Records from a collection:
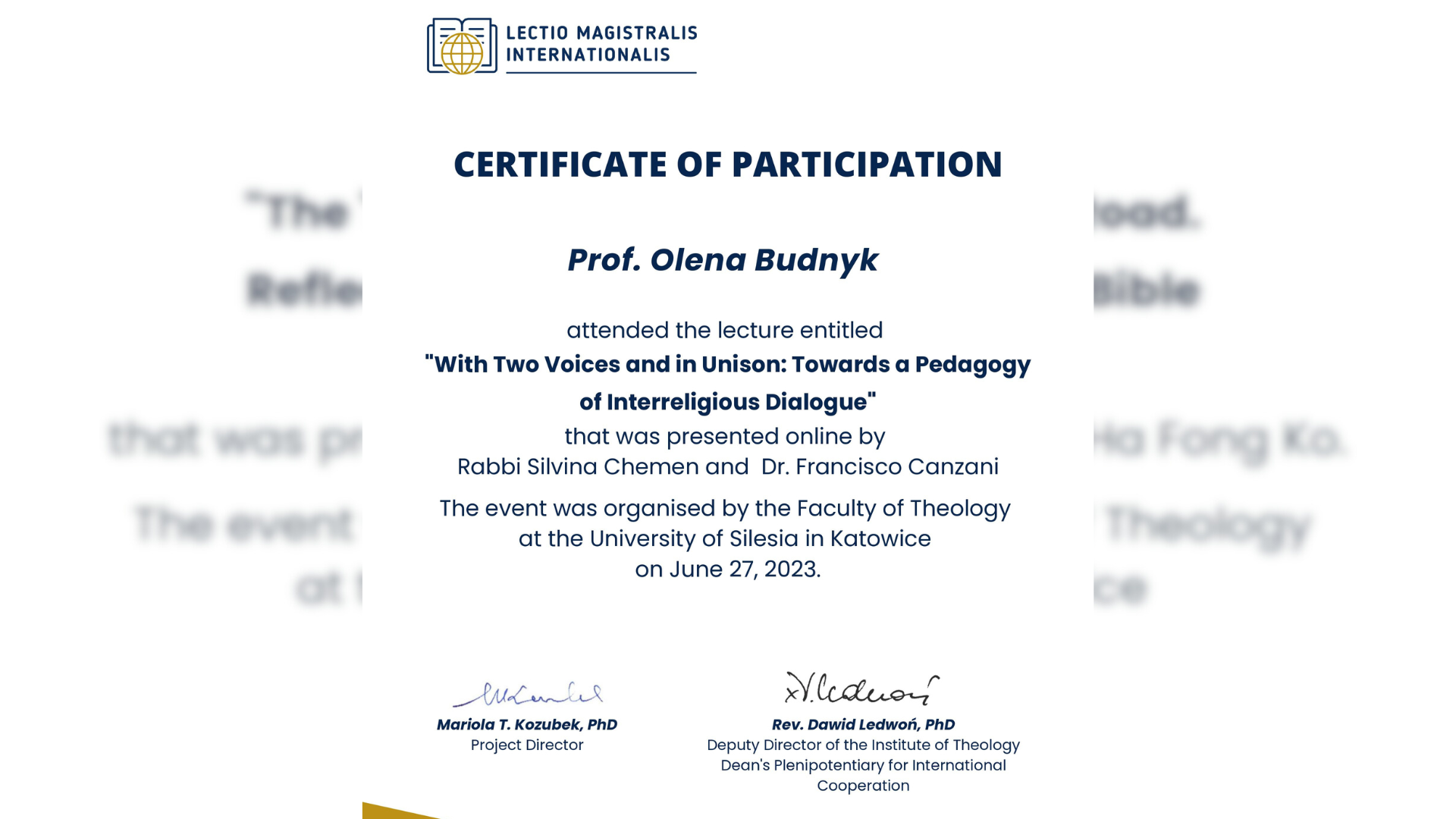 27 червня професорка Олена Будник та доцентка Катерина Фомін взяли участь у міжнародному вебінарі Lectio Magistralis Internationalis, організатором якого є Сілезький університет в Катовіце (Республіка Польща). У форматі онлайн до заходу було залучено близько 100 учасників з різних країн (Італія, Аргентина, Кенія, США, Бразилія, Словаччина, Україна, Іспанія та ін.) із забезпеченням синхронного перекладу на польську мову з італійської та англійської.
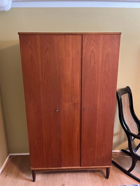 Teaktræksskab m/hylder og bøjlestang
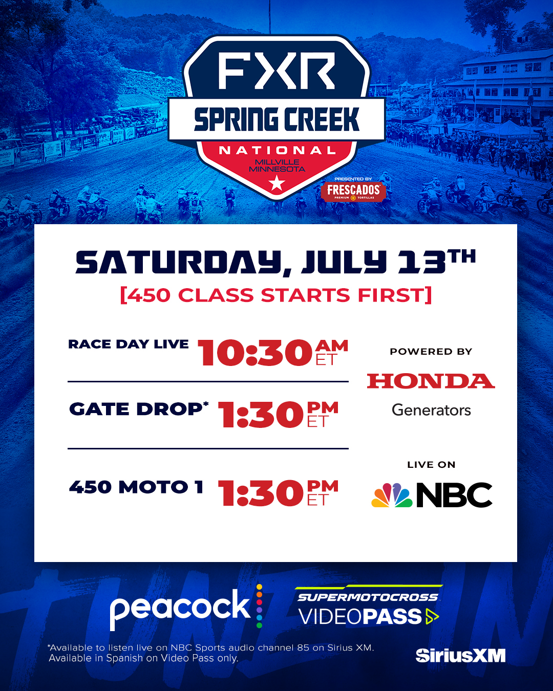 The entire Spring Creek National will be broadcast live domestically on Peacock and Internationally on the SuperMotocross VideoPass beginning with Race Day Live at 7:30 a.m. PT / 10:30 a.m. ET. Coverage of all four motos of the 250 Class and 450 Class will air at 10:30 a.m. PT / 1:30 p.m. ET, followed by the post-race show at the conclusion of the afternoon.
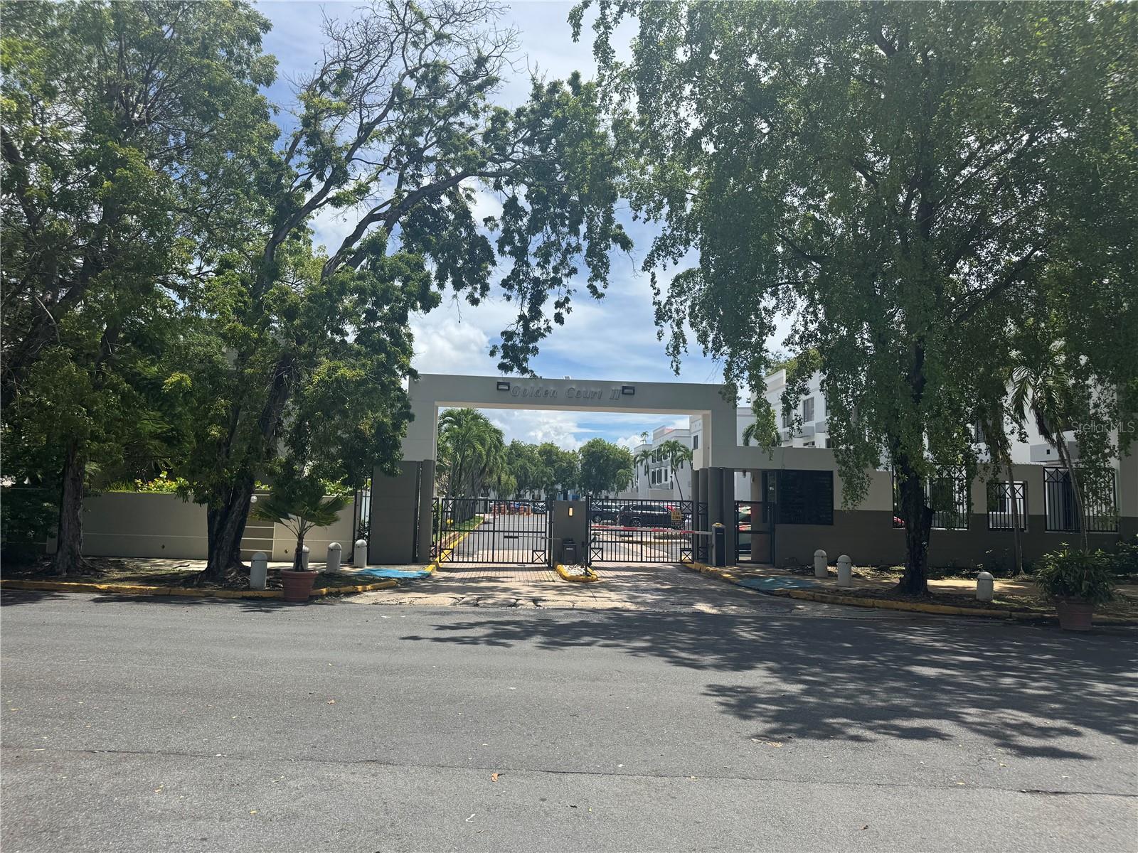 Golden Court II ground-floor garden apartment in a gated community near the Choliseo and the banking district, featuring three bedrooms, two bathrooms, a covered porch, and a private patio, with one assigned parking space directly in front of the apartment. The property includes split-unit and wall air conditioners, cooktop, microwave, refrigerator, washer, dryer, window screens, and shades. A new stainless steel kitchen sink and countertop are currently being installed. Additionally, the building is currently being repainted.
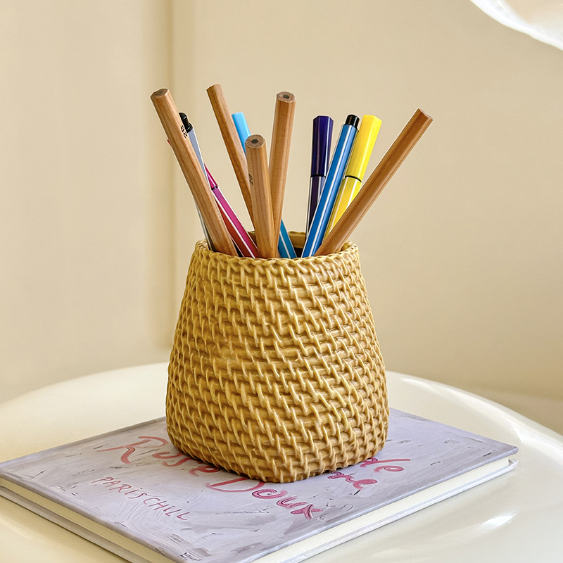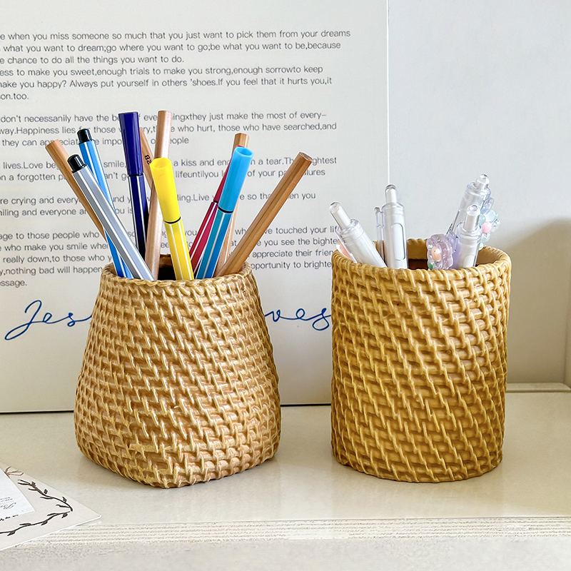 创意复古仿藤编笔筒化妆刷眉笔收纳盒办公室桌面艺术感装饰品摆件
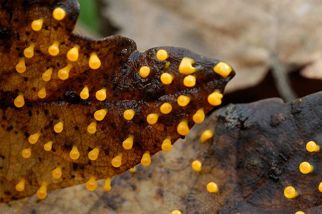 Na, dann hänge ich mich doch gleich an Rudi dran und präsentiere diesen mutmaßlichen Schleimpilz auf Ahornblättern von der Karlburg:
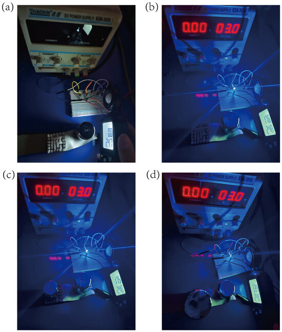 Brightness test of led: (a) no pressure and no voltage applied in a dark environment; (b) a 3 V voltage applied; (c) a 100 g load placed on the sponge; (d) a 500 g load placed on the sponge.
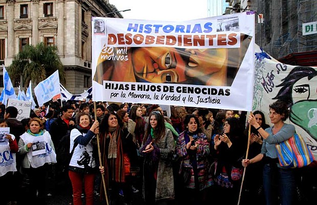 La iniciativa es del colectivo Historias Desobedientes y con Faltas de Ortografía, conformado recién este año tras aparecer por primera vez en público y dar su testimonio varias mujeres que condenan lo hecho por sus progenitores. Su bautismo como agrupación fue el 3 de junio pasado en el marco de una movilización del ‘Ni una menos’, cuando marcharon bajo un cartel que rezaba “por la memoria, la verdad y la justicia” de aquellos a quienes sus padres secuestraron, torturaron y asesinaron durante a dictadura.
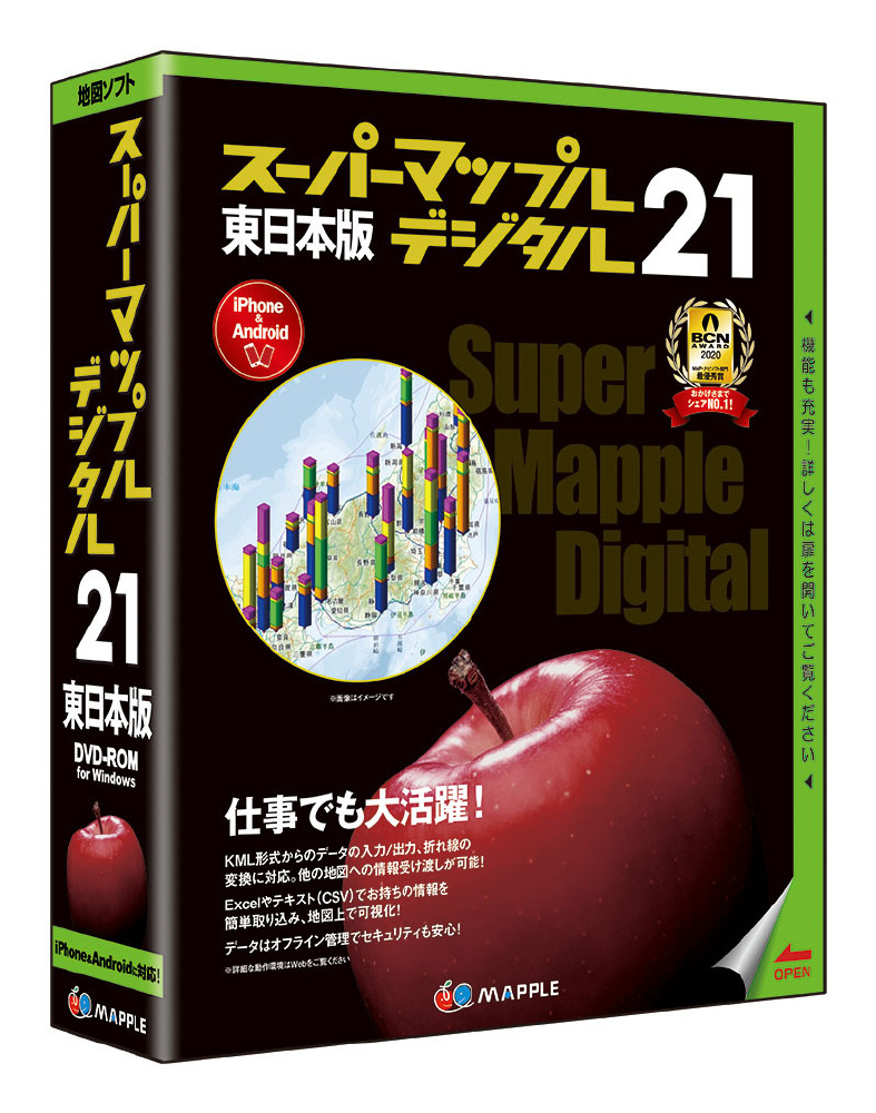 「iOS/Android」にも対応した多機能型電子地図ソフトの東日本版。パソコンで日常のお出かけ情報の収集、編集からビジネス活動まで支援。
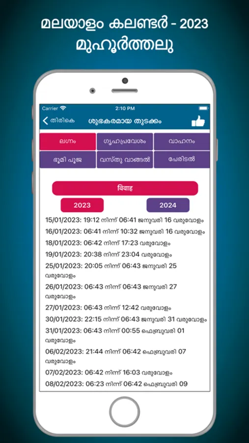 ● Malayalam Calendar 2023 and 2024: Get access to a single app containing the complete calendar for both years, ensuring you never miss important dates and events.
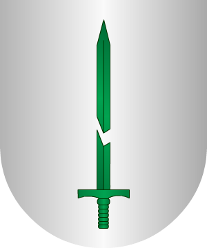 10.- Otros traen: En campo de sinople, un toro pasante de oro surmontado de un cometa del mismo metal en banda; bordura de oro con el lema RIBUS QUI ES ALABO en letras de sable.

__Assigned task__.
Your answer must be an exact repeat of all the records, minus the pictures.

__Output for this task__.
 27 червня професорка Олена Будник та доцентка Катерина Фомін взяли участь у міжнародному вебінарі Lectio Magistralis Internationalis, організатором якого є Сілезький університет в Катовіце (Республіка Польща). У форматі онлайн до заходу було залучено близько 100 учасників з різних країн (Італія, Аргентина, Кенія, США, Бразилія, Словаччина, Україна, Іспанія та ін.) із забезпеченням синхронного перекладу на польську мову з італійської та англійської.
 Teaktræksskab m/hylder og bøjlestang
 The entire Spring Creek National will be broadcast live domestically on Peacock and Internationally on the SuperMotocross VideoPass beginning with Race Day Live at 7:30 a.m. PT / 10:30 a.m. ET. Coverage of all four motos of the 250 Class and 450 Class will air at 10:30 a.m. PT / 1:30 p.m. ET, followed by the post-race show at the conclusion of the afternoon.
 Golden Court II ground-floor garden apartment in a gated community near the Choliseo and the banking district, featuring three bedrooms, two bathrooms, a covered porch, and a private patio, with one assigned parking space directly in front of the apartment. The property includes split-unit and wall air conditioners, cooktop, microwave, refrigerator, washer, dryer, window screens, and shades. A new stainless steel kitchen sink and countertop are currently being installed. Additionally, the building is currently being repainted.
 创意复古仿藤编笔筒化妆刷眉笔收纳盒办公室桌面艺术感装饰品摆件
 Na, dann hänge ich mich doch gleich an Rudi dran und präsentiere diesen mutmaßlichen Schleimpilz auf Ahornblättern von der Karlburg:
 Brightness test of led: (a) no pressure and no voltage applied in a dark environment; (b) a 3 V voltage applied; (c) a 100 g load placed on the sponge; (d) a 500 g load placed on the sponge.
 La iniciativa es del colectivo Historias Desobedientes y con Faltas de Ortografía, conformado recién este año tras aparecer por primera vez en público y dar su testimonio varias mujeres que condenan lo hecho por sus progenitores. Su bautismo como agrupación fue el 3 de junio pasado en el marco de una movilización del ‘Ni una menos’, cuando marcharon bajo un cartel que rezaba “por la memoria, la verdad y la justicia” de aquellos a quienes sus padres secuestraron, torturaron y asesinaron durante a dictadura.
 「iOS/Android」にも対応した多機能型電子地図ソフトの東日本版。パソコンで日常のお出かけ情報の収集、編集からビジネス活動まで支援。
 ● Malayalam Calendar 2023 and 2024: Get access to a single app containing the complete calendar for both years, ensuring you never miss important dates and events.
 10.- Otros traen: En campo de sinople, un toro pasante de oro surmontado de un cometa del mismo metal en banda; bordura de oro con el lema RIBUS QUI ES ALABO en letras de sable.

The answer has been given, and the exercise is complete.